# [Data provided]
☆ ☆ ☆ ☆
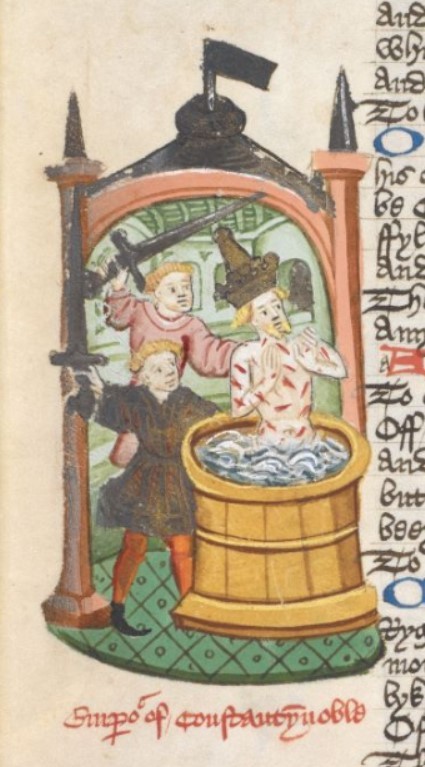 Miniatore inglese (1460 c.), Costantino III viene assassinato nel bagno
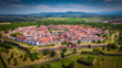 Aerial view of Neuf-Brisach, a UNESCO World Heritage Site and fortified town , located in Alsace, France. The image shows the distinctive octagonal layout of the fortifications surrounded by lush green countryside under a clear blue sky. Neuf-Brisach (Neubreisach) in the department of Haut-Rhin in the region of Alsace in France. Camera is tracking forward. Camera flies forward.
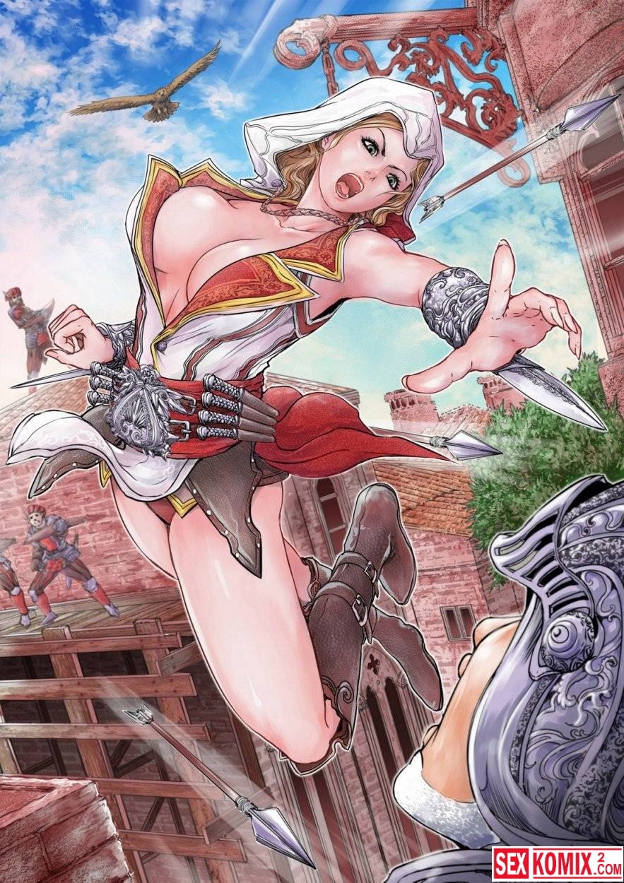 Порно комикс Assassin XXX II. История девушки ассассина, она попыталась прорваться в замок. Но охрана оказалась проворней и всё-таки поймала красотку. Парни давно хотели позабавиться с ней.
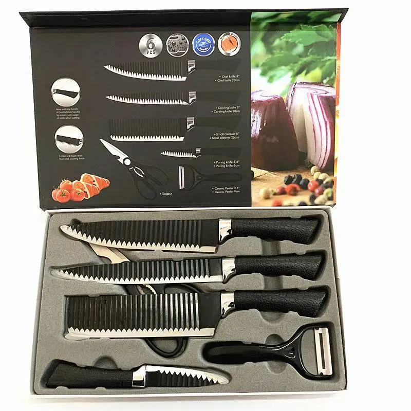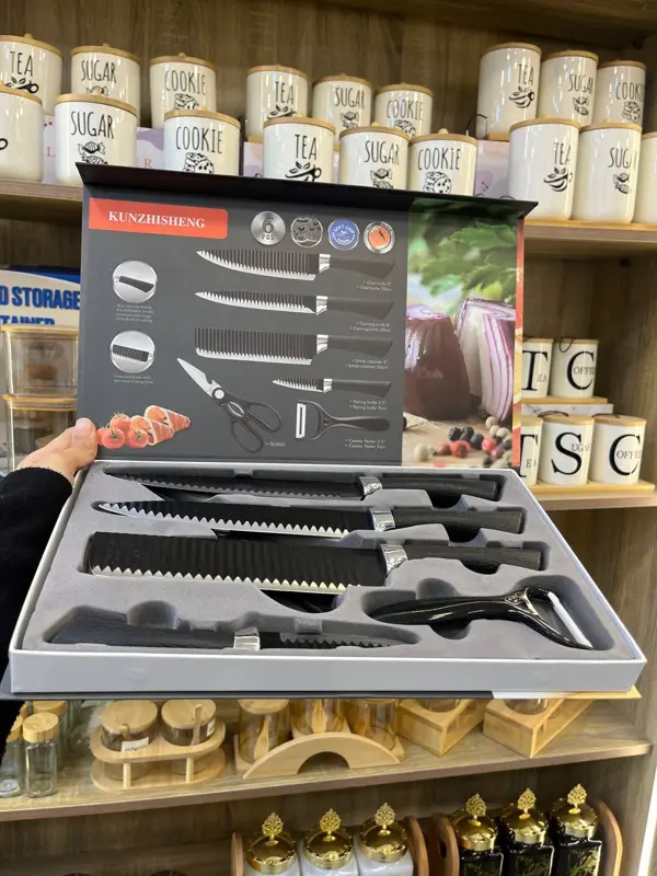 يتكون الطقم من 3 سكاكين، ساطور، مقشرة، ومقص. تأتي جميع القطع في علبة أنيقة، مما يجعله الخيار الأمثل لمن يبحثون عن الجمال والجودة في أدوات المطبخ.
☆ ☆ ☆ ☆
In the listing, find the line containing "Порно комикс Assassin" and repeat it and every later line through the last one, word for word, excluding the pictures.

# [Solution to the exercise]
 Порно комикс Assassin XXX II. История девушки ассассина, она попыталась прорваться в замок. Но охрана оказалась проворней и всё-таки поймала красотку. Парни давно хотели позабавиться с ней.
 يتكون الطقم من 3 سكاكين، ساطور، مقشرة، ومقص. تأتي جميع القطع في علبة أنيقة، مما يجعله الخيار الأمثل لمن يبحثون عن الجمال والجودة في أدوات المطبخ.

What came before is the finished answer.